TASK INSTRUCTIONS:
Would you please transcribe the data in full and exactly, excluding images?

DATASET EXCERPT:
################
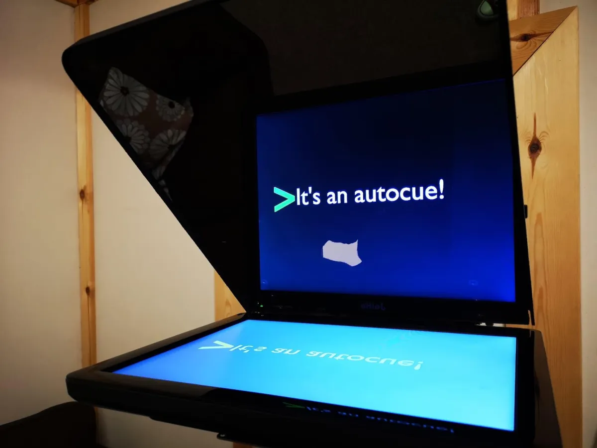 When choosing an autocue hire service in Manchester, you should consider the reliability of the system. Our teleprompter solutions are powered by laptops running professional-grade prompting software. This is a significant advantage over simpler tablet-based systems. A laptop-powered setup allows for quick and easy script edits on the fly, which is crucial when last-minute changes are needed during a shoot or live event.
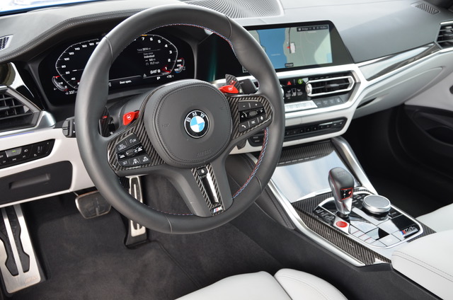 My drive time in the M4 Competition was in a loaded up Santorini Blue example with a total MSRP of $95,845 (that’s $190 per HP). The Santorini Blue is a special color and alone costs $4,500 additional. Silverstone and Black full Merino leather was another $2,500.
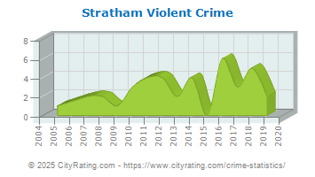 Stratham crime statistics report an overall downward trend in crime based on data from 14 years with violent crime increasing and property crime decreasing. Based on this trend, the crime rate in Stratham for 2025 is expected to be lower than in 2019.
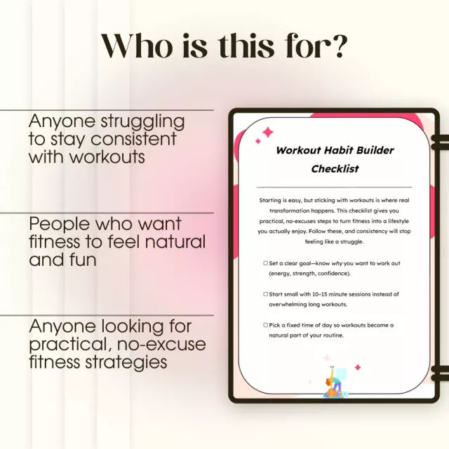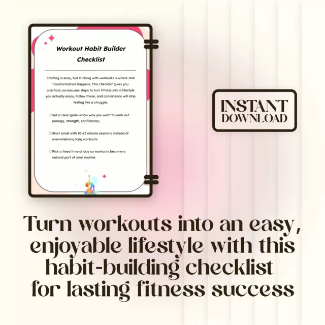 Starting a fitness journey is exciting, but staying consistent is where true transformation happens. The Workout Habit Builder Checklist is a simple yet powerful digital tool that shows you exactly how to build a workout habit that sticks. Designed as a practical, no-excuses resource, this checklist makes it easier to stay motivated, remove obstacles, and enjoy your workouts every day. Whether you’re just starting or have tried before and struggled with consistency, this guide helps you turn exercise into a lasting lifestyle you’ll actually enjoy.
################
SOLUTION FOR THIS PROBLEM:
 When choosing an autocue hire service in Manchester, you should consider the reliability of the system. Our teleprompter solutions are powered by laptops running professional-grade prompting software. This is a significant advantage over simpler tablet-based systems. A laptop-powered setup allows for quick and easy script edits on the fly, which is crucial when last-minute changes are needed during a shoot or live event.
 My drive time in the M4 Competition was in a loaded up Santorini Blue example with a total MSRP of $95,845 (that’s $190 per HP). The Santorini Blue is a special color and alone costs $4,500 additional. Silverstone and Black full Merino leather was another $2,500.
 Stratham crime statistics report an overall downward trend in crime based on data from 14 years with violent crime increasing and property crime decreasing. Based on this trend, the crime rate in Stratham for 2025 is expected to be lower than in 2019.
 Starting a fitness journey is exciting, but staying consistent is where true transformation happens. The Workout Habit Builder Checklist is a simple yet powerful digital tool that shows you exactly how to build a workout habit that sticks. Designed as a practical, no-excuses resource, this checklist makes it easier to stay motivated, remove obstacles, and enjoy your workouts every day. Whether you’re just starting or have tried before and struggled with consistency, this guide helps you turn exercise into a lasting lifestyle you’ll actually enjoy.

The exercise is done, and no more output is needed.